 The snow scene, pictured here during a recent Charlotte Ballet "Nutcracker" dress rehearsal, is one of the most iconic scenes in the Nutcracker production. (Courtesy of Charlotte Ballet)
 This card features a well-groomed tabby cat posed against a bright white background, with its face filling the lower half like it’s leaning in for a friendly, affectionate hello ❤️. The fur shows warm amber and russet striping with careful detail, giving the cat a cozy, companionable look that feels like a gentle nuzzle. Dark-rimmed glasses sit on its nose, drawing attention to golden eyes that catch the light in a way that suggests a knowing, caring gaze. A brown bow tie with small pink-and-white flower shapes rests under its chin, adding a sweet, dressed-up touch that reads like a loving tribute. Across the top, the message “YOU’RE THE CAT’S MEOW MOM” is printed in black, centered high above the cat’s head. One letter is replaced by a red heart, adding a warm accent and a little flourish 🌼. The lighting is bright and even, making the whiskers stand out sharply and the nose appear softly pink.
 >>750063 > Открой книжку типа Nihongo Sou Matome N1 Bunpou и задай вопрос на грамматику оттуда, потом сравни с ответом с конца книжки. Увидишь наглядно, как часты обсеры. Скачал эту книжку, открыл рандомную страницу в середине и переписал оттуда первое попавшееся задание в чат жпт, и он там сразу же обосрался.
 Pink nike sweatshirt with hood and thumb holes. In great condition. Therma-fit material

--

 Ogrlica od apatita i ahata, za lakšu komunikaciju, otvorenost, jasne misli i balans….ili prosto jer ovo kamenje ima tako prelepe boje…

*What you should do:* Everything in the material above from the line that has "The snow scene, pictured" through the line that has "Pink nike sweatshirt" must be duplicated exactly, with no other lines given.

*Output for this task:*
 The snow scene, pictured here during a recent Charlotte Ballet "Nutcracker" dress rehearsal, is one of the most iconic scenes in the Nutcracker production. (Courtesy of Charlotte Ballet)
 This card features a well-groomed tabby cat posed against a bright white background, with its face filling the lower half like it’s leaning in for a friendly, affectionate hello ❤️. The fur shows warm amber and russet striping with careful detail, giving the cat a cozy, companionable look that feels like a gentle nuzzle. Dark-rimmed glasses sit on its nose, drawing attention to golden eyes that catch the light in a way that suggests a knowing, caring gaze. A brown bow tie with small pink-and-white flower shapes rests under its chin, adding a sweet, dressed-up touch that reads like a loving tribute. Across the top, the message “YOU’RE THE CAT’S MEOW MOM” is printed in black, centered high above the cat’s head. One letter is replaced by a red heart, adding a warm accent and a little flourish 🌼. The lighting is bright and even, making the whiskers stand out sharply and the nose appear softly pink.
 >>750063 > Открой книжку типа Nihongo Sou Matome N1 Bunpou и задай вопрос на грамматику оттуда, потом сравни с ответом с конца книжки. Увидишь наглядно, как часты обсеры. Скачал эту книжку, открыл рандомную страницу в середине и переписал оттуда первое попавшееся задание в чат жпт, и он там сразу же обосрался.
 Pink nike sweatshirt with hood and thumb holes. In great condition. Therma-fit material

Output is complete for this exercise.